# LISTED ENTRIES
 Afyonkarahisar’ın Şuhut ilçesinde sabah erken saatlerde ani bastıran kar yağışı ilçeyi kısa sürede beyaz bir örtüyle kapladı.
* * *
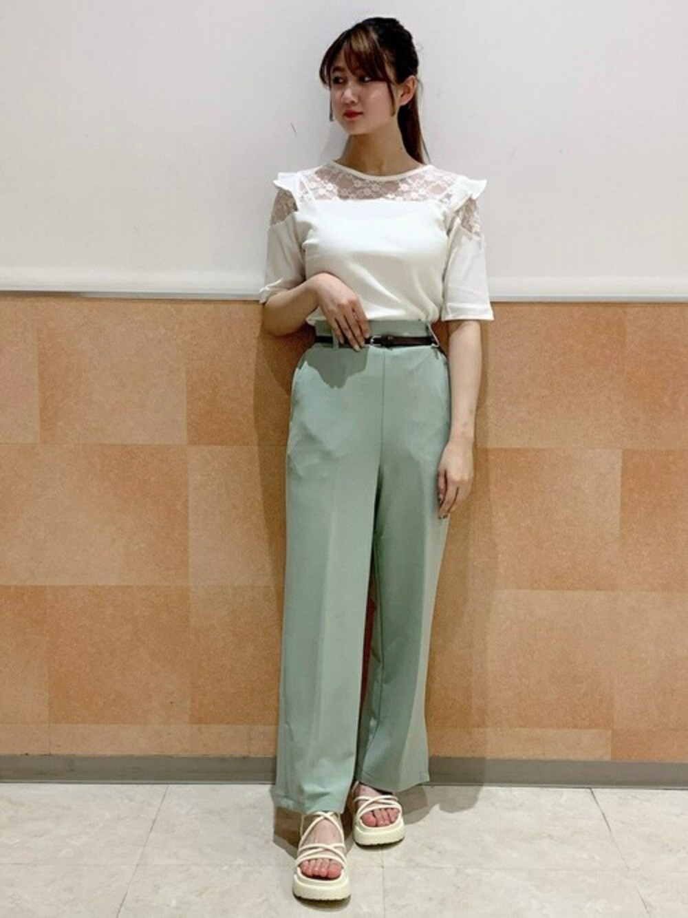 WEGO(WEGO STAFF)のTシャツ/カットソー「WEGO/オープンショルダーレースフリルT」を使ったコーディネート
---
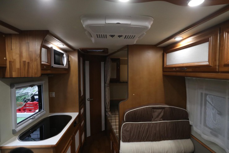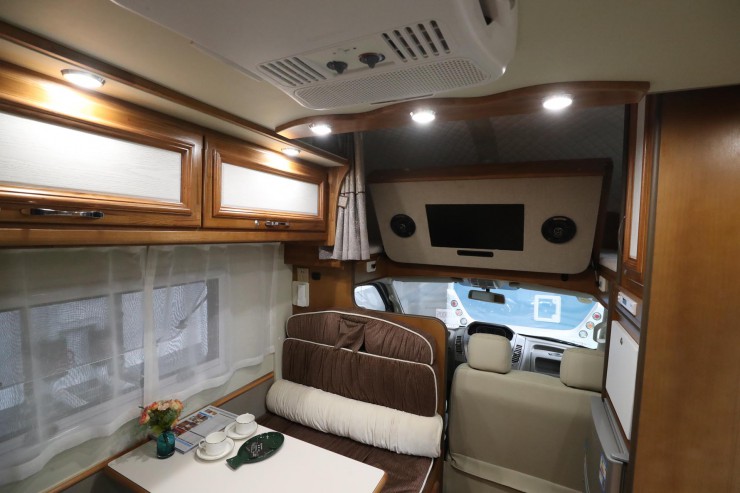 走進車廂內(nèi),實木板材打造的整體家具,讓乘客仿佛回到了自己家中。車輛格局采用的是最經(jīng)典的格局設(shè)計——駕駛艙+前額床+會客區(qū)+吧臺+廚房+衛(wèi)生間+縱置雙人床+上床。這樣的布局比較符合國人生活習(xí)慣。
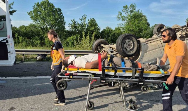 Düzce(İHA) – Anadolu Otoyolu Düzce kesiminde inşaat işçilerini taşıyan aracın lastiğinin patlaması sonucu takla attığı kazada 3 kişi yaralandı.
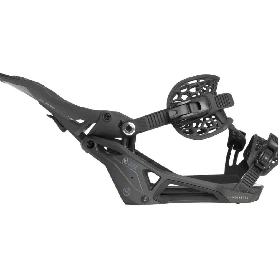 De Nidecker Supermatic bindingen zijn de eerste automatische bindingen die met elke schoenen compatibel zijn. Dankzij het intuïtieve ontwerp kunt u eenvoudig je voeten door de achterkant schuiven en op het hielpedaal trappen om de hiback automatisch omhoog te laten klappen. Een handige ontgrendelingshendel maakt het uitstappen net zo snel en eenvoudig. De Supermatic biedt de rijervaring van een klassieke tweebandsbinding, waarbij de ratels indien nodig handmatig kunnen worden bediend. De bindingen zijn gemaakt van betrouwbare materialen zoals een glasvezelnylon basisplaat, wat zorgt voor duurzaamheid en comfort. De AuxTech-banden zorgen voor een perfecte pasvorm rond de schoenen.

# INSTRUCTIONS TO FOLLOW
Using the data above, set down each line from the line with "走進車廂內(nèi),實木板" to the line with "Düzce(İHA) – Anadolu" exactly, both ends included, and leave the pictures behind. Nothing else belongs.

# FINISHED EXERCISE
 走進車廂內(nèi),實木板材打造的整體家具,讓乘客仿佛回到了自己家中。車輛格局采用的是最經(jīng)典的格局設(shè)計——駕駛艙+前額床+會客區(qū)+吧臺+廚房+衛(wèi)生間+縱置雙人床+上床。這樣的布局比較符合國人生活習(xí)慣。
 Düzce(İHA) – Anadolu Otoyolu Düzce kesiminde inşaat işçilerini taşıyan aracın lastiğinin patlaması sonucu takla attığı kazada 3 kişi yaralandı.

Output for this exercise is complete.